0000010: ffff ffff ffff ffff 0100 4700 4669 6c65 ..........G.File
0000020: 2063 7265 6174 6564 2062 7920 6d65 7267 created by merg
0000030: 696e 673a 200a 4669 6c65 313a 2037 2e70 ing: .File1: 7.p
0000040: 6361 7020 0a46 696c 6532 3a20 362e 7063 cap .File2: 6.pc
0000050: 6170 200a 4669 6c65 333a 2034 2e70 6361 ap .File3: 4.pca
0000060: 7020 0a00 0400 0800 6d65 7267 6563 6170 p ......mergecap
Does anybody know what this is? or how I can read it on a Linux system with libpcap?
I have a PCAP file
No, you don't. You have a pcap-ng file.
that can be parsed on a Mac with Apple's libpcap
libpcap 1.1.0 and later can also read some pcap-ng files (the pcap API only allows a file to have one link-layer header type, one snapshot length, and one byte order, so only pcap-ng files where all sections have the same byte order and all interfaces have the same link-layer header type and snapshot length are supported), and OS X Snow Leopard and later have a libpcap based on 1.1.x, so they can read those files.
(OS X Mountain Lion and later have tweaked libpcap to allow it to write pcap-ng files as well; the -P flag makes tcpdump write out pcap-ng files, with text comments attached to some outgoing packets indicating the process ID and process name of the process that sent them - pcap-ng allows text comments to be attached to packets.)
but cannot be parsed on a Linux system
Your Linux system probably has an older libpcap version. (Note: do not be confused by Debian and Debian derivatives calling the libpcap package "libpcap0.8" - they're not still using libpcap 0.8.)
combined file has an extra 16-byte header that contains 0a 0d 0d 0a 78 00 00 00
A pcap-ng file is a sequence of "blocks" that start with a 4-byte block type and a 4-byte length, both in the byte order of the host that wrote them.
They're divided into "sections", each one beginning with a "Section Header Block" (SHB); the block type for the SHB is 0x0a0d0d0a, which is byte-order-independent (so that you don't have to know the byte order to read the SHB) and contains carriage returns and line feeds (so that if the file is, for example, transferred between a UN*X system and a Windows system by a tool that thinks it's transferring a text file and that "helpfully" tries to fix line endings, the SHB magic number will be damaged and it will be obvious that the file was corrupted by being transferred in that fashion; think of it as the equivalent of a shock indicator).

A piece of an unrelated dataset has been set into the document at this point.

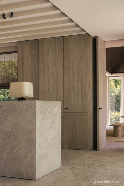 In the residence, wood naturally extends from the exterior cladding to interior kitchen countertops, floors, and dressing rooms, forming a continuous material narrative that the designers refer to as a warm trace. This design not only brings the natural texture of the exterior indoors but also bridges the conceptual boundaries between public and private, exterior and interior, through a unified material language, creating a seamless experience that is both rooted in the environment and fluid.

The 0x78000000 is the length; what follows it is the "byte-order magic" field, which is 0x1A2B3C4D (which is not the same as the 0xA1B2C3D4 magic number for pcap files), and which serves the same purposes as the pcap magic number, namely:
it lets code identify that the file is a pcap-ng file
it lets code determine the byte order of the section.
(No, you don't need to know the length before looking for the pcap magic number; once you've found the magic number, you then check the length to make sure it's at least 28 and, if it's less than or equal to 28, you reject the block as not being valid.)
Does anybody know what this is?
A (little-endian) pcap-ng file.
or how I can read it on a Linux system with libpcap?
Either read it on a Linux system with a newer version of libpcap (which may mean a newer version of whatever distribution you're using, or may just mean doing an update if that will get you a 1.1.0 or later version of libpcap), read it with Wireshark or TShark (which have their own library for reading capture files, which supports the native pcap and pcap-ng formats, as well as a lot of other formats), or download a newer version of libpcap from tcpdump.org, build it, install it, and then build whatever other tools need to read pcap-ng files with that version of libpcap rather than the one that comes with the system.
Newer versions of Wireshark write pcap-ng files by default, including in tools such as mergecap; you can get them to write pcap files with a flag argument of -F pcap.